### ABOUT THIS TASK
Among the entries below, copy only the span from the line containing "Радикс ТІМ Форте" through the line containing "Thought: High School". Do so exactly, and skip the pictures.

### PROVIDED INFORMATION
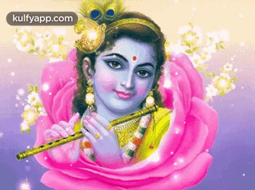Animated depiction of Lord Krishna playing a flute, emerging from a vibrant pink lotus flower.
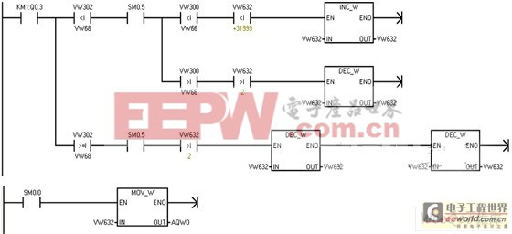 梯形图程序中VW302为电压显示值寄存器,VW68为电压设定值寄存器;VW300为电流显示值寄存器,VW66为充电电流设定值寄存器;VW632为模数转换数字量暂存器。Q0.3闭合表示充电,当电池组电压值VW302小于设定值VW68且电流值VW300小于设定充电电流值VW66,模拟量输出值VW632不断增大到充电电流等于设定电流值为止(VW632最大值为31999);反之,VW632值不断递减。当充电电压高于设定的电压值时,模拟量输出值不断递减,保证充输出电电压不高于设定的电压值。
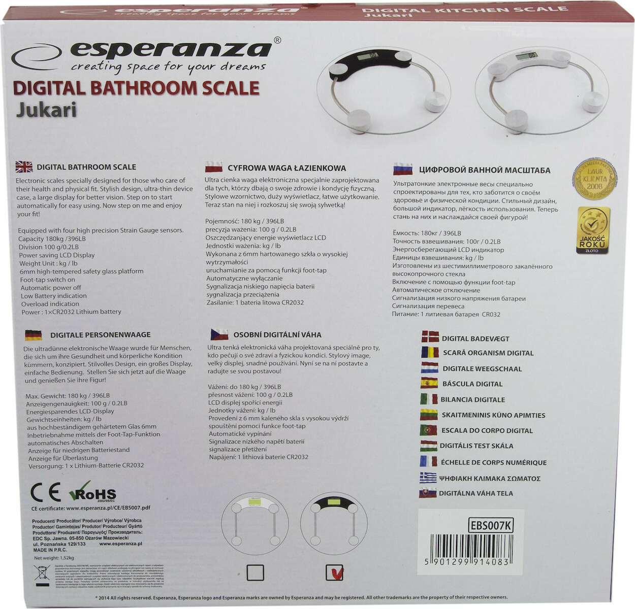 Ζυγαριά Μπάνιου ESPERANZA BATHROOM SCALE JUKARI
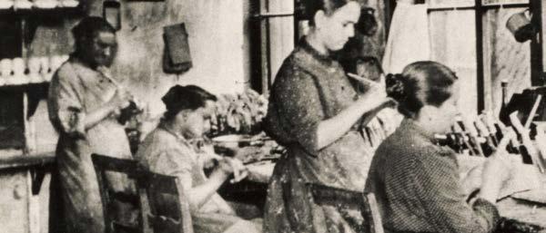 Arbeiter beim Einsetzen von Puppenaugen, 1911
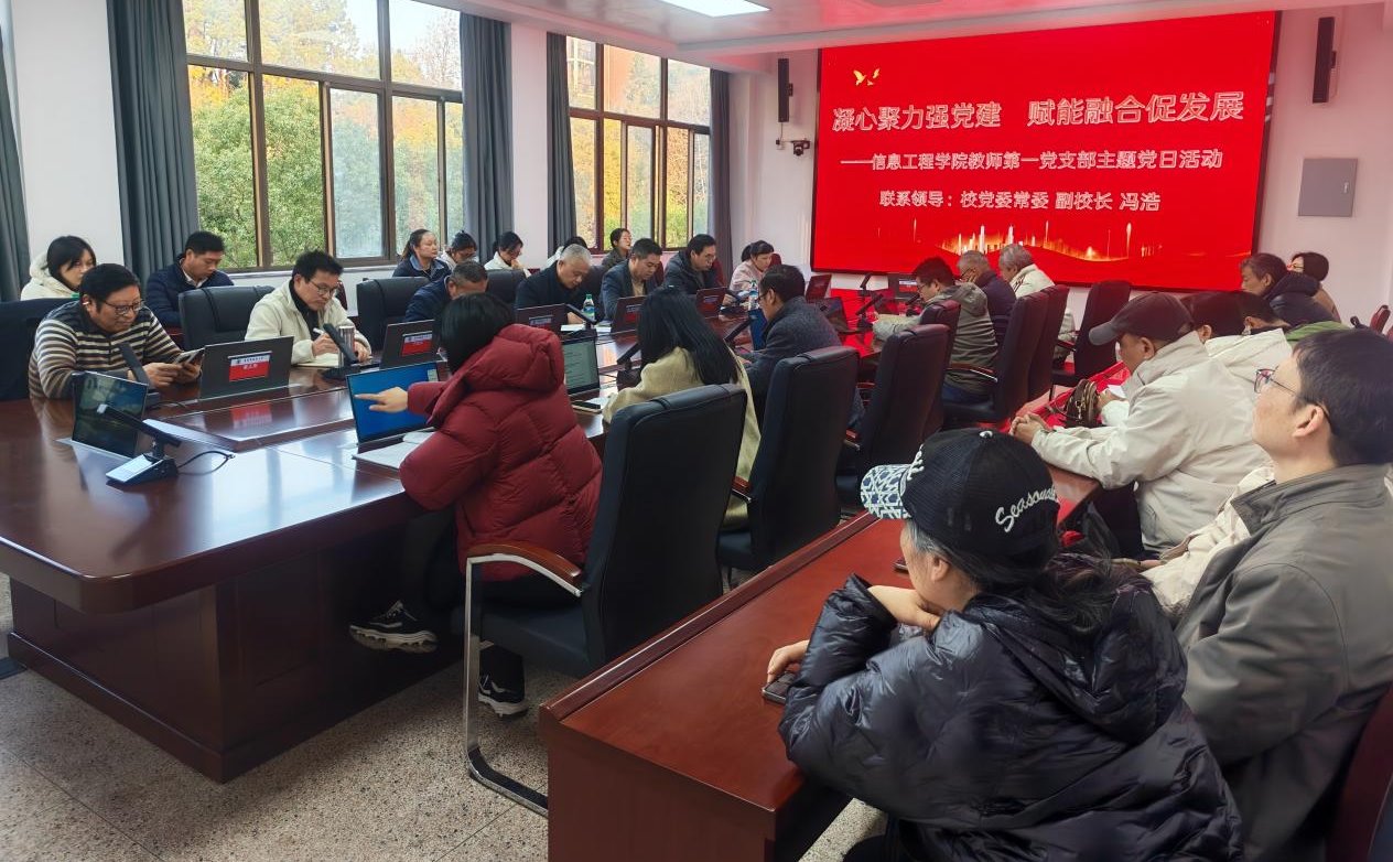 本网讯(信息工程学院 李步升)为深入学习贯彻党的创新理论,以“改革攻坚年、管理提效年、作风整顿年”为目标导向,扎实推进支部党建与业务深度融合,12月17日下午,信息工程学院教师第一党支部在学院智慧会议室开展“凝心聚力强党建,赋能融合促发展”主题党日活动。校党委常委、副校长冯浩出席会议并讲话,支部全体党员参加会议。
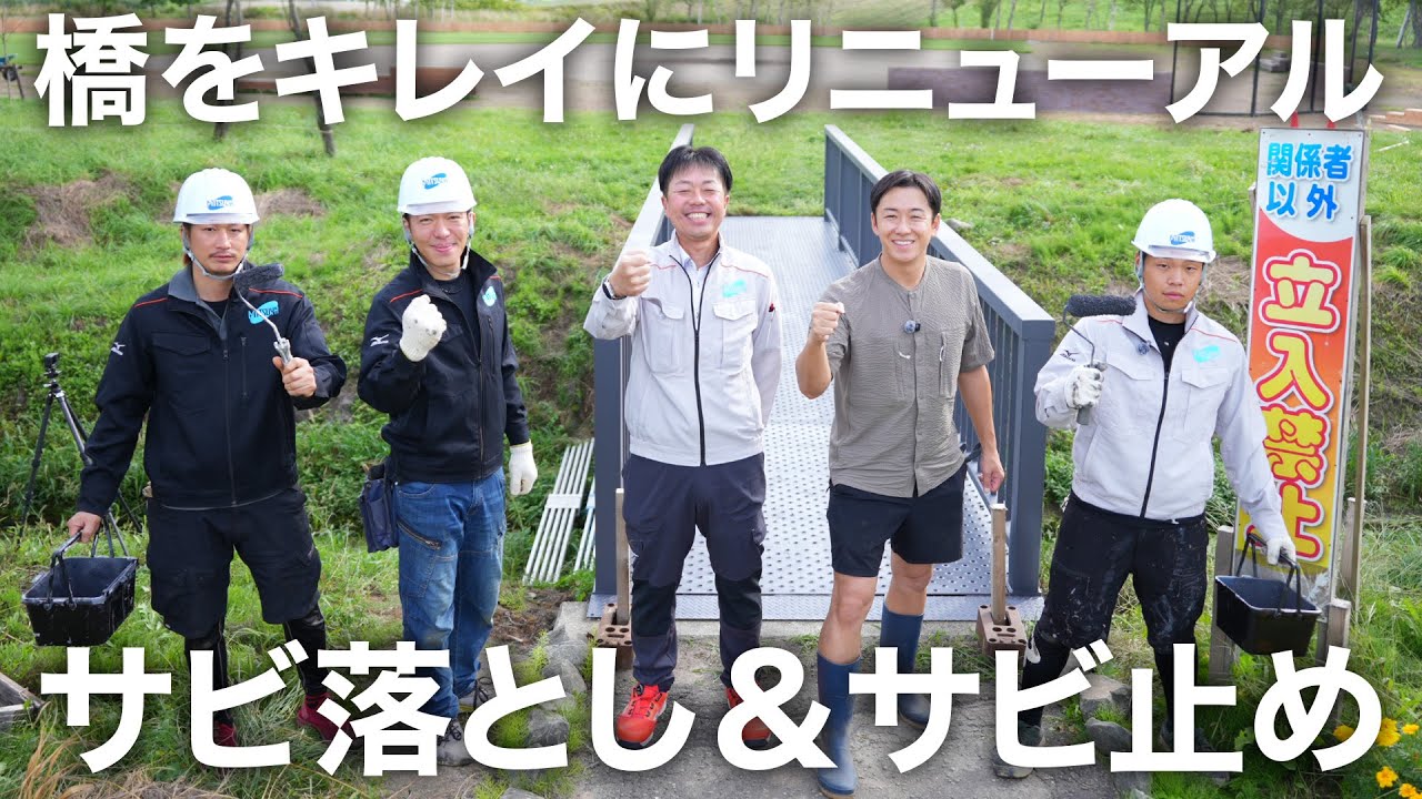[音楽] というわけで、え、今日はですね、株式会社ミ三屋の三社長に来ていただきました。あの、実はお寿司屋さんで、 そうですね、 出会ってですね、 ちょっと色々こう息統合していただいて、ちょっと美かさんの会社に色々手伝ってもらおうということになりました。どういうメインの事業をされてる会社なんですか? [音楽] はい。内装工事を、 あ、メインとしてお仕事をしてます。 ホテル、それから学校病院、エスコンスタジアムなんかもですね、あの、携触らせていただいて、 はい。もう本当にこう内装全般やられてる中でちょっと僕らの野球場は [音楽] 色々やってほしいなと思って、まずはこの橋 はい。 黄色とか緑とかオレンジとかあったんですけど、ちょっと色統一したいな。色どうやって塗ったらいいんだろうみたいな。 はい。 それ相談したらあ、うちできますよみたいな て感じになって今回手伝っていただくていう はい で今日チームの方が来てます。 [音楽] ちょっとお名前伺ってもよろしいですか? 中谷と言います。 中谷さん。 はい。 よろしくお願いいたします。 須戸と言います。お願いします。 東海大4 そうです。 こで野球部野球部 そうです。ました。 野球部です。はい。 ええ、すごい。 中に行っています。 え、 あ、弟です。 おえ。 京都いいっすね。ええ。 あ、じゃ、そんな方も仲間にいらっしゃるんですね。 なので今日は一旦まずこの橋をはい。 [音楽] サ落としてペンキ塗ってみたいなことすよね。 [音楽] はい。はい。 そう色をね、ちょっとね、全部変いたいんです。で、ちょっとあの、バックネットのセンスとか、ま、あの、マに合わせたいので、 [音楽] ま、あんな色にしたいなっていう思いでよろしくお願いします。 よろしくお願いします。 お願いします。 こう皮スきというですけど、 これはい。皮 皮付きすき。 はい。 で、こう剥がれてるところを はい。削っていく。 小膜を取る感じで。 さん はい。 絶対しんどいでしょ。このオレンジを取るために自分にやっていくわけですね。 はい。浮いてるところを取るイメージで。 はい。こ、こんな感じで大丈夫ですか? はい。 このも剥がす。 いや、そ、オレンジのこの浮いてるところをこす。 うわ、オレンジだけでいいんですね。 なんかあれですね、あのお好み焼きのあのあれをやるみたいな感じ。 そうですね。ヘラ ヘラヘラやっぱあれですか?お好み焼き改造が得意す。ま、他の人よりは上手。 あ、本当ですか?ね、絶対そうすよね。 こんな感じ。 そうですね。 もうこれは地道な作業なんですよ。え え、あの、まね、大きな面とかになるとね、また色々とね、え、機械使ったりとかもできますけど。はい。 手前ところになりますと。 そうですね。 やはりマンパワーで作業ですね。 はい。 ちゃんとやれってことです。 ス藤さんと中谷と君。ちょっとちょっとちょ、ちょっと一緒にやろう。ちょっと一緒にやろうよ。果てしない。 いや、これ果てしないよ。 まだこれですもん。 全部落とすよ。やっぱりこ浮いてるとこをこう 浮いてなきゃいいだもんね。そうだよね。 どんなに綺麗に売ってもすぐ剥がれてしまうんで 出っ張ってるとこう引っ掛けて剥がすイメージ。 出っ張ってないところはもうパスしてパスしてる。 なるほどなるほど。 こういうの残ってるのも 残ってるのは今度このあのサンドペーパーであの滑らかにこうれとは多分と思うんですけど [音楽] それをやるとこう触り心地がこ 特にこの上の方とか人触るところは あの これを結構強めにかけてこう手触り怪我がしたりとかこ [音楽] ちょっとでもこう引っがあると そうです これて死ね。果て死んだ。 [音楽] なんかもう心折れ折れてましたよね。 心はやっぱこうね、ゴールが見えないとちょっとあれだけどちょっと中崎さんちょっとゴールを僕に色々見せてもらっていいですか?はい。 天気よくやるのが やだなと思ってたらどうしてもこう続かないので なるほどね。 あの、イ、綺麗になることイメージしながらも、あの、 なんかいいすね。 野球選手と一緒っすね。 ね、津藤さん ね、 やっぱり勝つことをイメージしながらやるってことすね。 津さんはポジションどうだったんですか? セカンドですね。 セカンド。 ええ、何番すか?打順は 2 番です。2 番セカンドなんかもう万出てきそうなキャラじゃないですか。 [音楽] SNS見たんすけど、若い方多いすよね。 そうですね。多いす。多いす。 まだ21歳なん。 まだ21歳。21 歳です。21? うわ。 下の名前な何て言うの? ハオです。 覇オ。 はい。 覇は給料くら回てんの?い、具体的。具体的。具体的。 やばい。やばい。やばい。やばい。やばい。 すごいこれてきましたね。なんか ってます。 ペース、ペース上がってきてますね。着、と上位で行きますよ。 ドラフト行きます。 1位。 そうやって言って本当は返し目とか いやいやいやいやないないないない とか言ってる間になんかだんだん削れてきたんじゃないですか。 ど
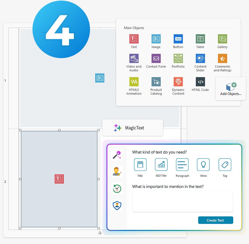 Avec les Objets, vous pouvez importer ou créer n'importe quel type de contenu : textes, images, galeries, vidéos, formulaires, champs de recherche, etc. Quel que soit votre besoin, nous avons l'objet qu'il vous faut.
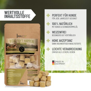 Dank der natürlichen Rezeptur mit Kokosnussraspeln, Schwarzkümmelöl, Spirulina und Colostrum unterstützen die REAVET Vital Soft Happen - Z-Blocker Snacks den Zellstoffwechsel und tragen zu einer normalen Hautfunktion Deines Hundes bei.
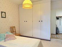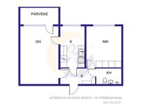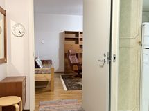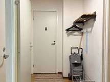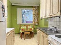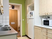 - Keittiössä maalatut seinäpinnat ja muovimattolattia. Vaaleat, pinnoitetut kaapistojen ovet ja laatikostojen etusarjat. Varusteina: jenkkikaappi ja sähköliesi.
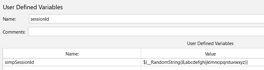 Name = sessionId, Value = ${__RandomString(8,abcdefghijklmnopqrstuvwxyz)}
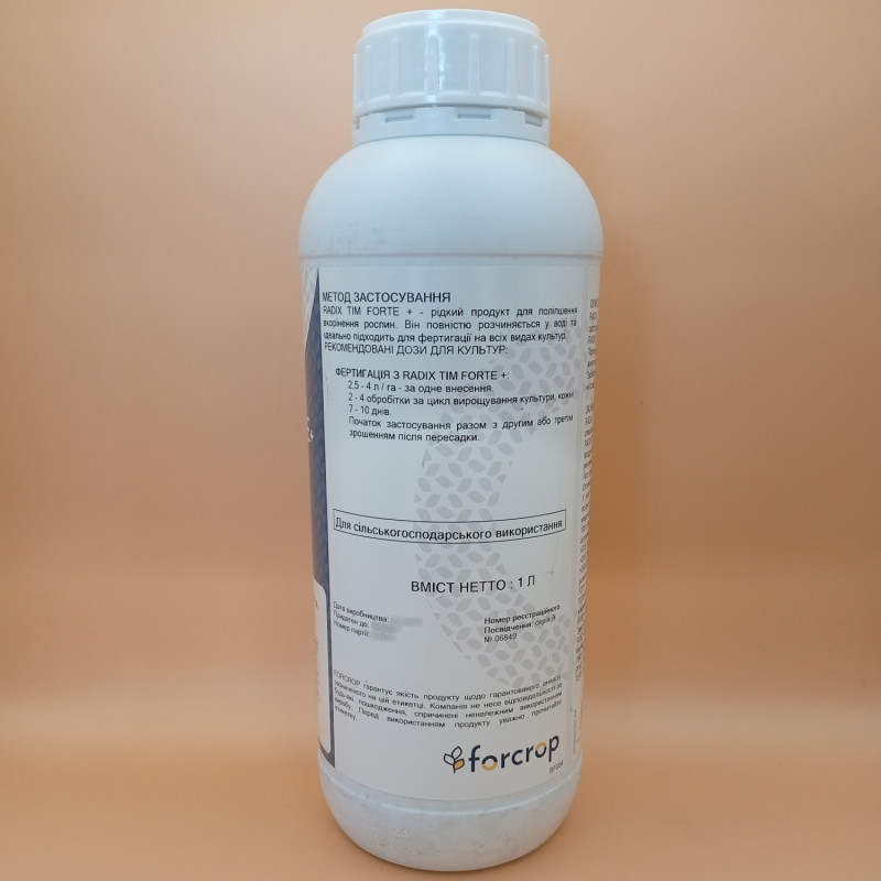 Радикс ТІМ Форте плюс - біостимулятор коренеобразуючий. В основі препарату лежить оптимальне співвідношення макро- і мікроелементів. Також є вільні амінокислоти і коренеобразуючий агент.
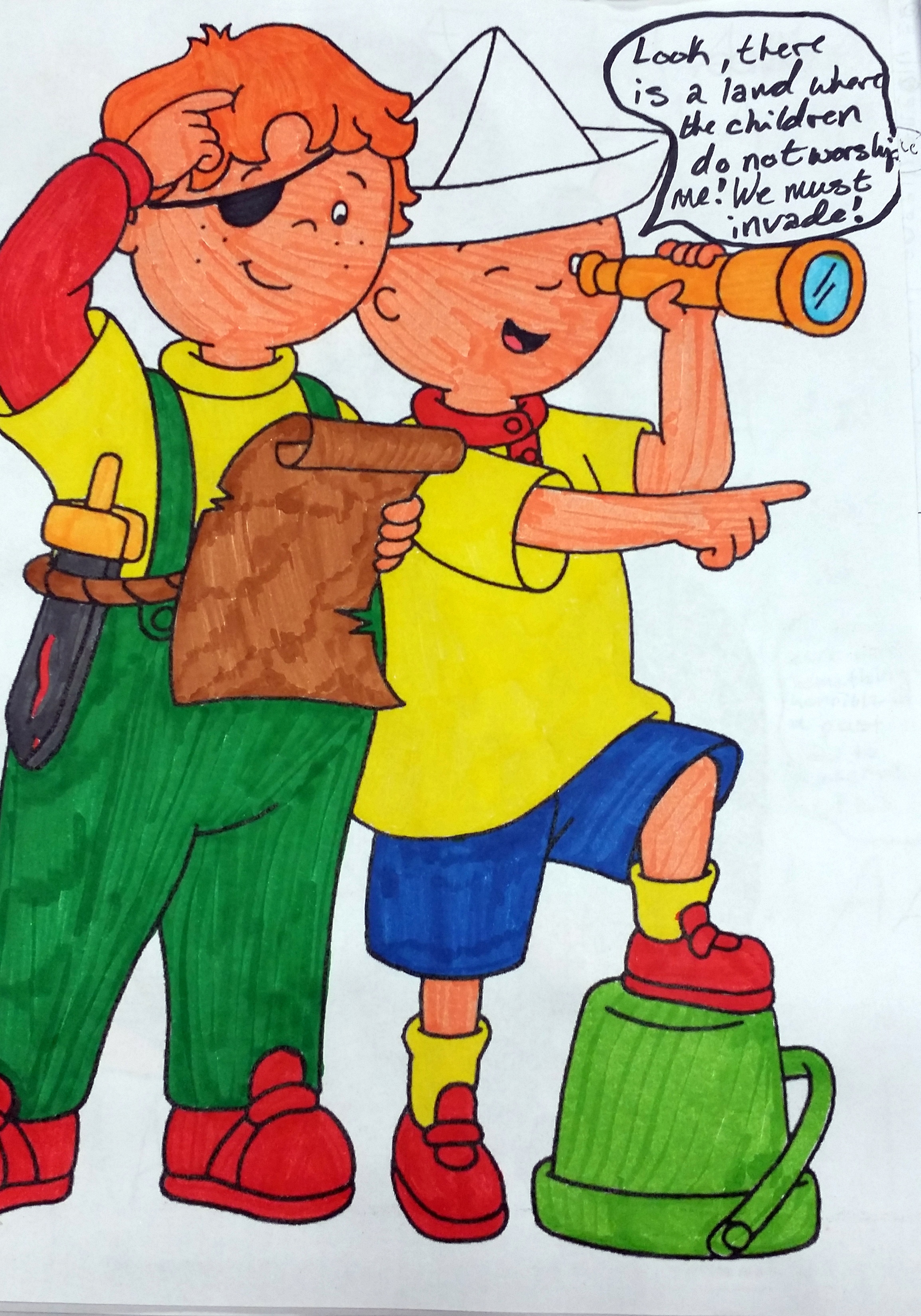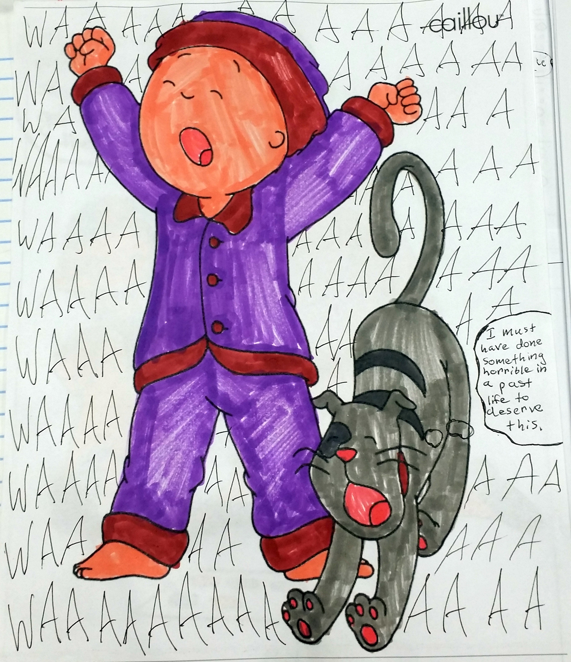 Thought: High School Students that I teach also have strong & unified Anti-Caillou feelings. After finishing their work, my students will sometimes print out a coloring page so that they can just relax and de-stress for a little bit . . . these are some of the Caillou-themed pages they gave me one year:
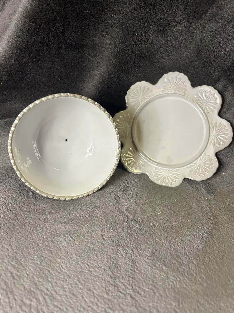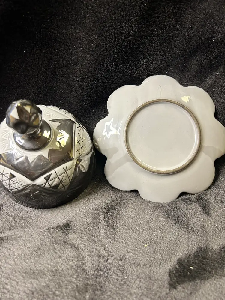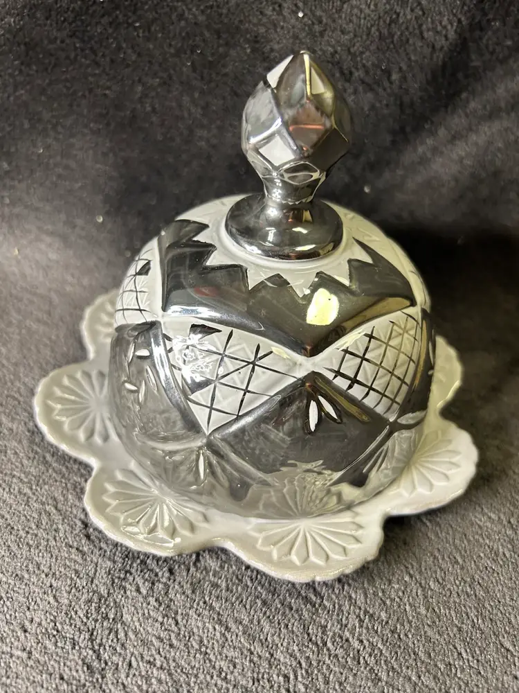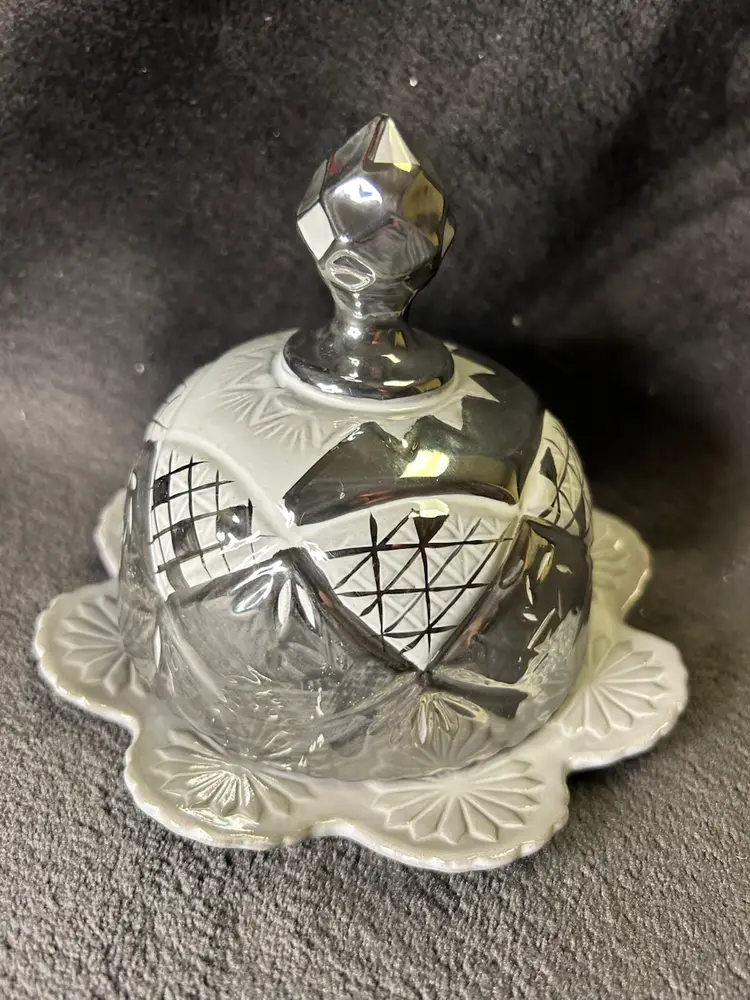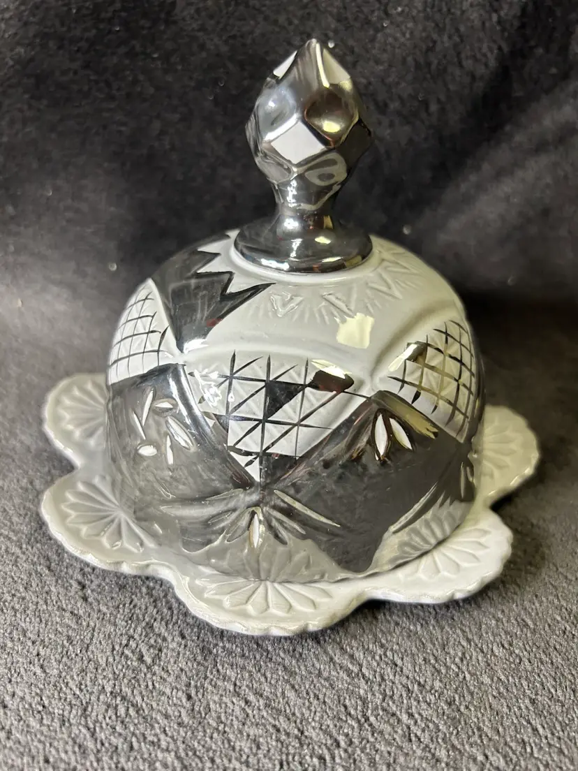 The Anthropologie Domed Butter Cheese Dish in Lausanne Silver Gray is a vintage-inspired covered dish made of glossy stoneware. With an abstract pattern and round shape, this silver dish adds a touch of retro style to any kitchen or dining table. Perfect for storing and serving butter or cheese, this unique piece combines functionality with a touch of elegance. Ideal for those looking to add a touch of charm to their table setting.

### YOUR RESPONSE
 Радикс ТІМ Форте плюс - біостимулятор коренеобразуючий. В основі препарату лежить оптимальне співвідношення макро- і мікроелементів. Також є вільні амінокислоти і коренеобразуючий агент.
 Thought: High School Students that I teach also have strong & unified Anti-Caillou feelings. After finishing their work, my students will sometimes print out a coloring page so that they can just relax and de-stress for a little bit . . . these are some of the Caillou-themed pages they gave me one year:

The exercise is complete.